07 JANUARY 2019
Microsoft Exchange Server Vulnerable to Exploit from a Simple Email
Microsoft users are urged to update their systems following the discovery of a malicious vulnerability in Microsoft Exchange
The remote code execution vulnerabilities (CVE-2019-0547 and CVE-2019-0586), according to Microsoft, exist in Microsoft Exchange software when the software fails to properly handle objects in memory. They can be exploited by merely sending an email to a vulnerable server.
An attacker who successfully exploited the vulnerability could run arbitrary code in the context of the system user. The hacker could then install programs; view, change or delete data; or create new accounts.
Vulnerability, CVE-2019-0547, has been given Microsoft’s highest Exploit Index rating, meaning the bug is highly exploitable. Receiving emails is a large part of what Exchange is and if not fixed, can be detrimental to your company’s network. Failed exploit attempts can result in denial-of-service conditions.
The technology giant’s update focuses on the vulnerability by correcting how Microsoft Exchange handles the objects in memory.
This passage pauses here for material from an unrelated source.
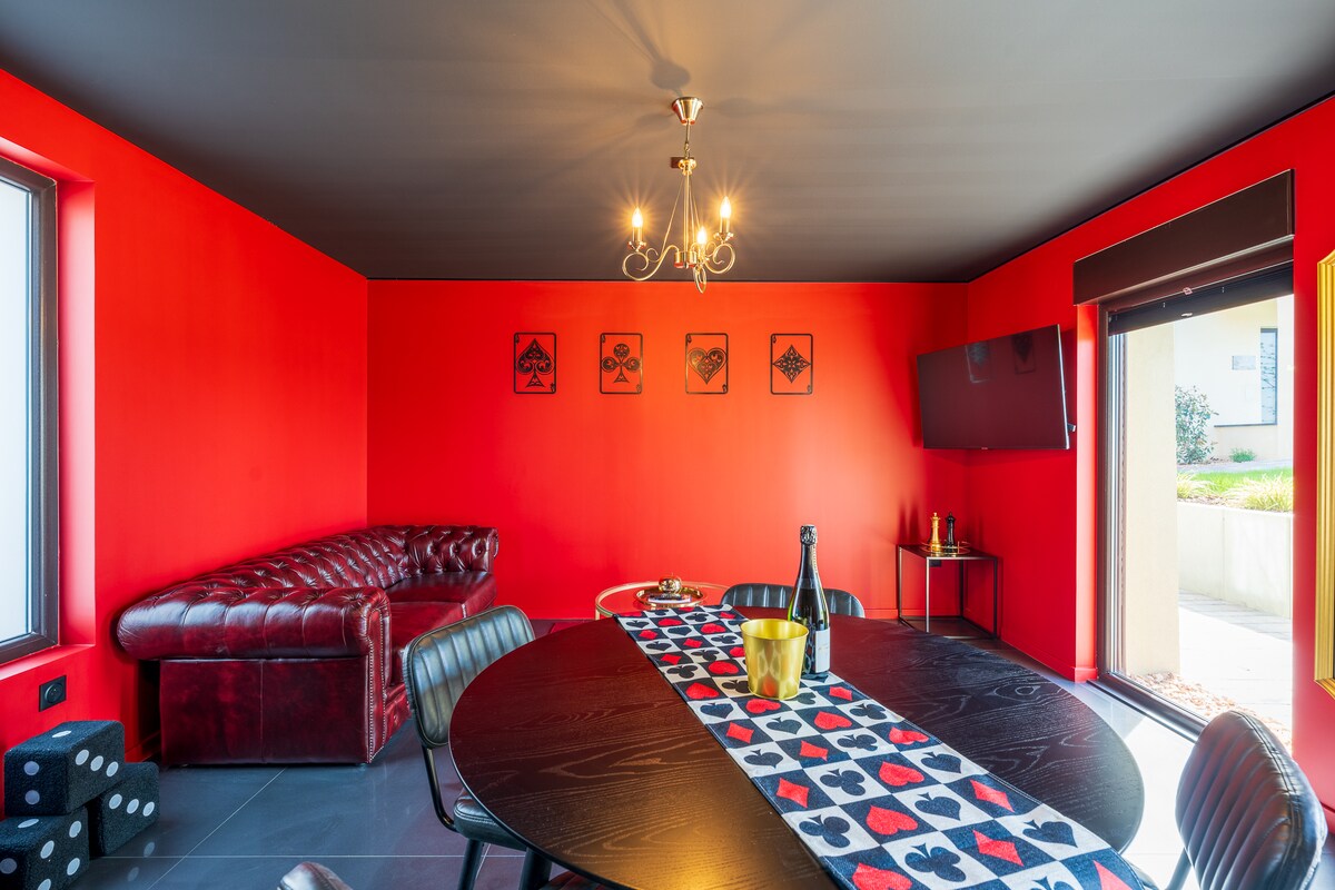 Denne bolig har en helt unik stil. En luksuslejlighed til øjeblikke af afslapning og intimitet i luksuriøse omgivelser. En stue, der åbner op til et køkken, der er udstyret med en kæmpe videoprojektor og en hjemmebiograf, så du kan fordybe dig i en afslappende aften. Rummeligt værelse med en QueenSize seng (160x200) sikrer komfort. Et luksuriøst badeværelse med italiensk brusebad, herunder en jacuzzi til 3 personer og en sauna til 3/4 personer med direkte adgang til soveværelset.
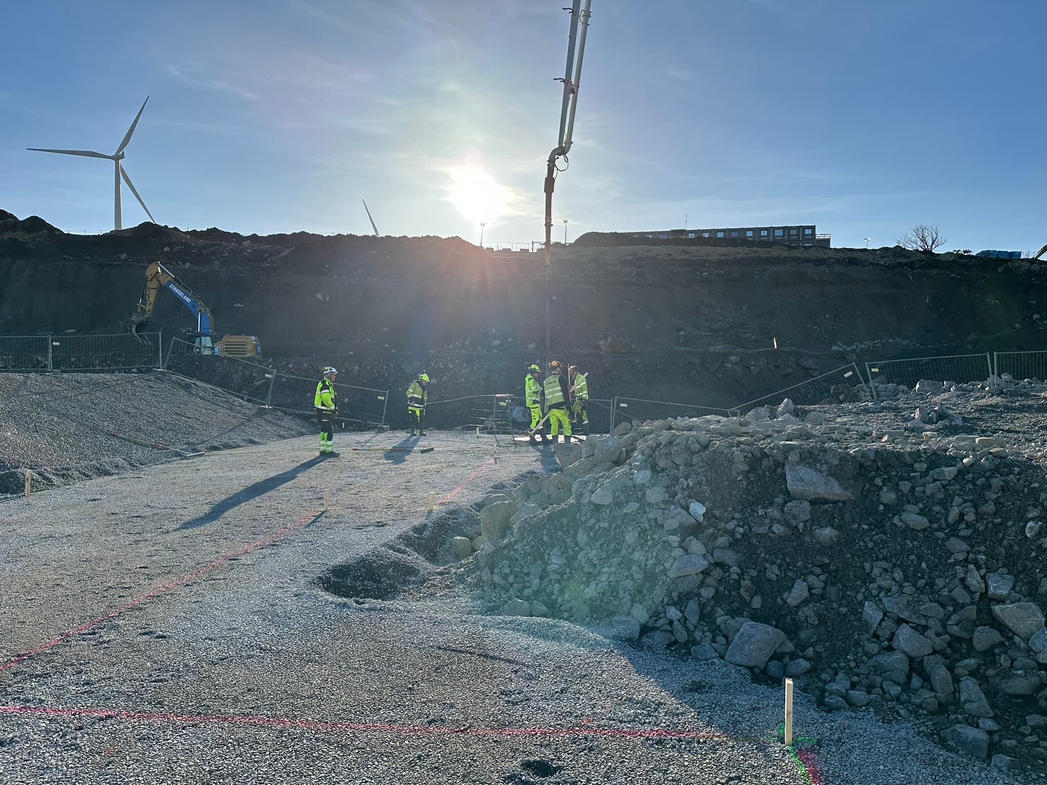 Det blir økt aktivitet på byggeplassen i løpet av mars måned. Det vil fremdeles være arbeid med å frakte masser, men arbeidet går nå også over i en ny fase. Det blir forberedende arbeid og planering for betongarbeid, og arbeidet med å støpe fundamenter starter opp.

Alongside the above, the patch for CVE-2019-0550 and CVE-2019-0551 should be noted as high priority. These represent a pair of remote code execution vulnerabilities in Windows Hyper-V, which if exploited, could allow the attackers to execute arbitrary code on the host operating system.
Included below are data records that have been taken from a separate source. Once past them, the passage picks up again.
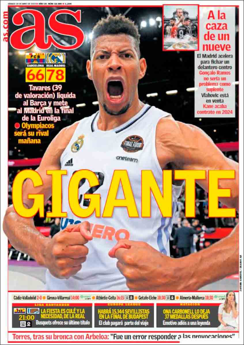 Bien el diario As por traer a portada el baloncesto en un día de victoria (recordemos que “casualmente” solo aparecía en las derrotas) y bien por ofrecer la portada casi íntegra al gigante caboverdiano Walter Tavares, quien ayer se despachó en un partido descomunal a Vesely, Sanli, Nnaji y a todo el que pasara por la zona madridista: 20 puntos, 15 rebotes, 3 gorrazos y 39 de valoración, como destaca la portada. Inmenso. Gigante. Un gigante que empequeñeció al jugador mejor pagado de Europa, Nikola Mirotic, quien, al acabar el partido dijo: “Es el peor día de mi carrera”. No es por hacer leña del árbol caído, o quizás sí, pero recordamos algún otro peor día de su carrera, como aquel -1 de valoración en la final de la ACB de 2020 contra Baskonia, o como aquella final de Euroliga de 2013 cuando, en el lado correcto de la historia y con la camiseta blanca frente a Olympiacos, acabó por los suelos y con la moral totalmente comida por unos griegos que le hicieron varios ídem.
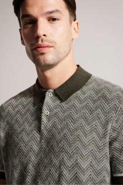 Ted Baker Green Waldun Short Sleeve Zig Zag Stitched Polo Shirt
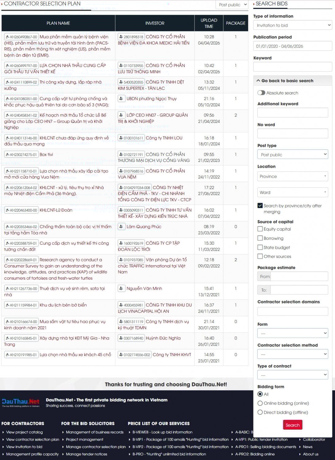 Using the private tender information search software - DauThau.Net, searching becomes easier and more accurate. Especially if you use the private tender information service packages, the system will automatically filter 24/7 and send the found information to your email, saving time, costs, and manpower in searching for and "hunting" for tender information.
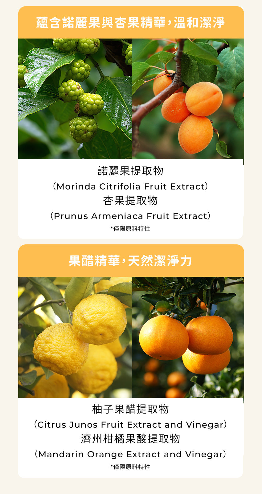 全成分 : 酒精,甘油,聚山梨醇酯-20,葡萄糖酸鈉,二丙二醇,辛酸聚甘油-6 酯,癸酸聚甘油-4 酯,辛醇甘油,苯甲酸鈉,羥基苯乙酮,諾麗果提取物,杏果提取物,柚子提取物,柑橘提取物,1,2-己二醇,丁二醇,乙基己基甘油,檸檬酸,食醋,香精

Overall, the majority of issues released this month were detected in the scripting engines of the Edge and Internet Explorer browsers and concerned remote code execution vulnerabilities.
Fixes were also announced for Office after a remote execution flaw (CVE-2019-0585) was discovered in Word, a disclosure bug in Exchange (CVE-2019-0588), and three cross-site scripting vulnerabilities in SharePoint.